Using an odds ratio when data is sparse

  • Thread starter Thread starter snowfox2004
  • Start date Start date
  • Tags Tags
    Data Ratio
AI Thread Summary
Calculating odds ratios from logistic regression can be problematic when working with sparse data, particularly with many exposures influencing an outcome. The discussion highlights concerns about the independence of exposure effects and the complexity of interactions among multiple exposures. While ANOVA can help identify main drivers of outcomes, its effectiveness with sparse data is questioned. The potential for infinite combinations of exposures complicates the analysis, suggesting that careful consideration of interactions is necessary. Ultimately, while the method may work under certain assumptions, the challenges posed by sparsity and interaction effects should not be overlooked.
snowfox2004
Messages
7
Reaction score
0
Suppose I have around 20 exposures that potentially affect an outcome and I want to see which exposures have bigger impacts on the outcome.
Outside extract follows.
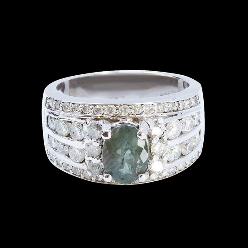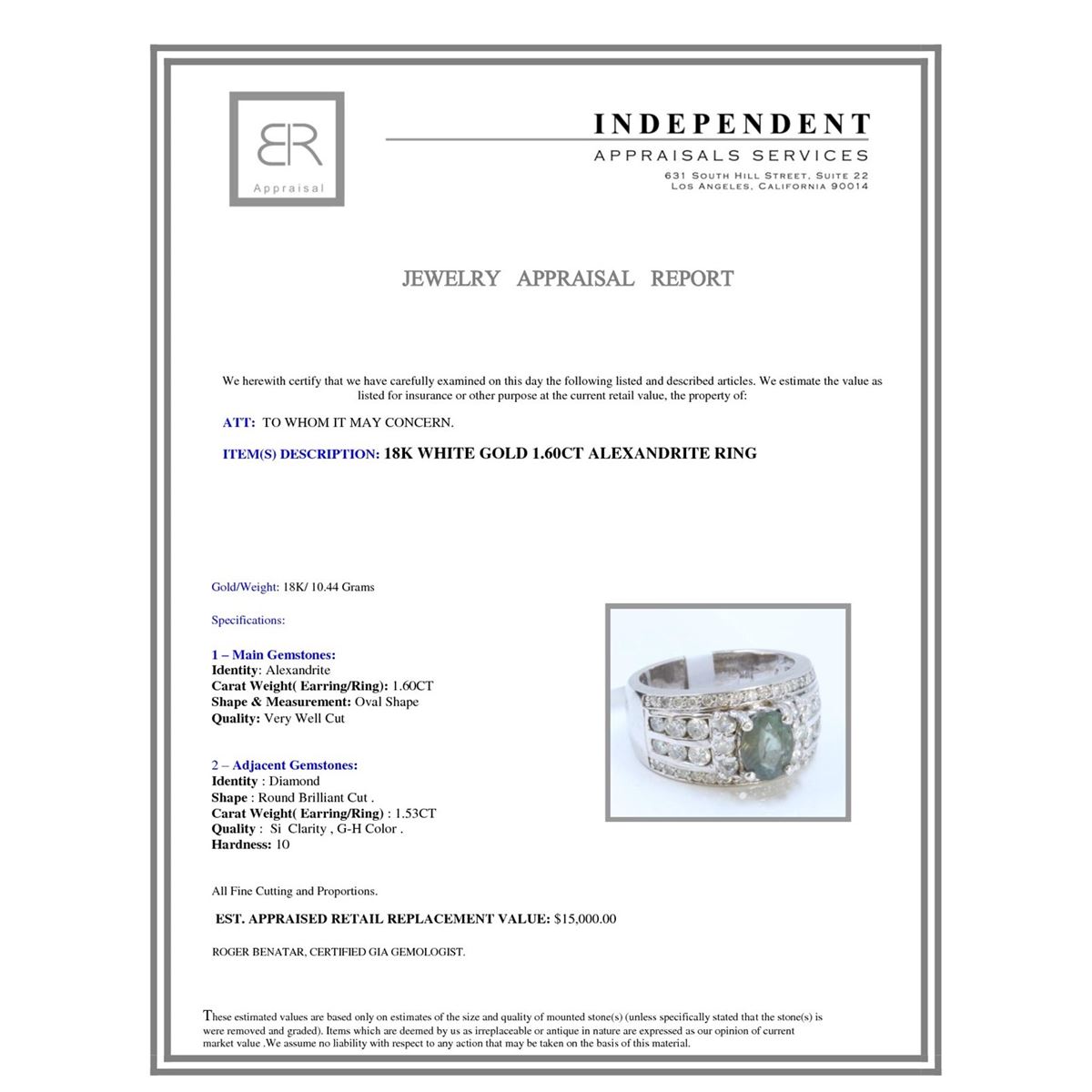 18K WHITE GOLD NATURAL ALEXANDRITE VERY GOOD COLOR CHANGE RING:10.44GRAMS/DIAMOND:1.53CT/ALEXANDRITE:1.60CT/#GVR1033

So I want to calculate each exposures' odds ratios by exponentiating the coefficients obtained from logistic regression. So I have the following input set and output set where 1 means it (exposure or outcome) is present and 0=not present:

4GTNy.png


So, for example, the first row represents a sample where exposure 1 wasn't present, exposure 2 was present,...exposure 20 was present and the outcome was present. I fit a logistic regression model to this data and exponentiate the coefficients to get odds ratios. The potential problem is that I am going to be working with a VERY sparse data set with many samples. There are many instances where almost all exposures except one or maybe two is going to be present in a sample. My question is if this sparsity is something to be concerned about and if this will make my method of comparing exposures using odds ratios a bad idea.

Page 6 of this paper http://www.epidemiology.ch/history/PDF%20bg/Greenland%20S%201987%20interpretation%20and%20choice%20of%20effect%20measures.pdf seems to imply that sparsity won't matter too much but I want to see what the statisticians here say. Any links to papers would be appreciated.
 
Physics news on Phys.org
Your question is the basic question addressed by the statistical subjects of Analysis of Variance (ANOVA) and design of experiments. ANOVA tries to tell which factors are the main drivers of the outcome. Design of experiments tries to tell you what combinations of factors need to be included in a set of experiments to obtain valid statistical results. There are statistical software packages that can help you do the analysis.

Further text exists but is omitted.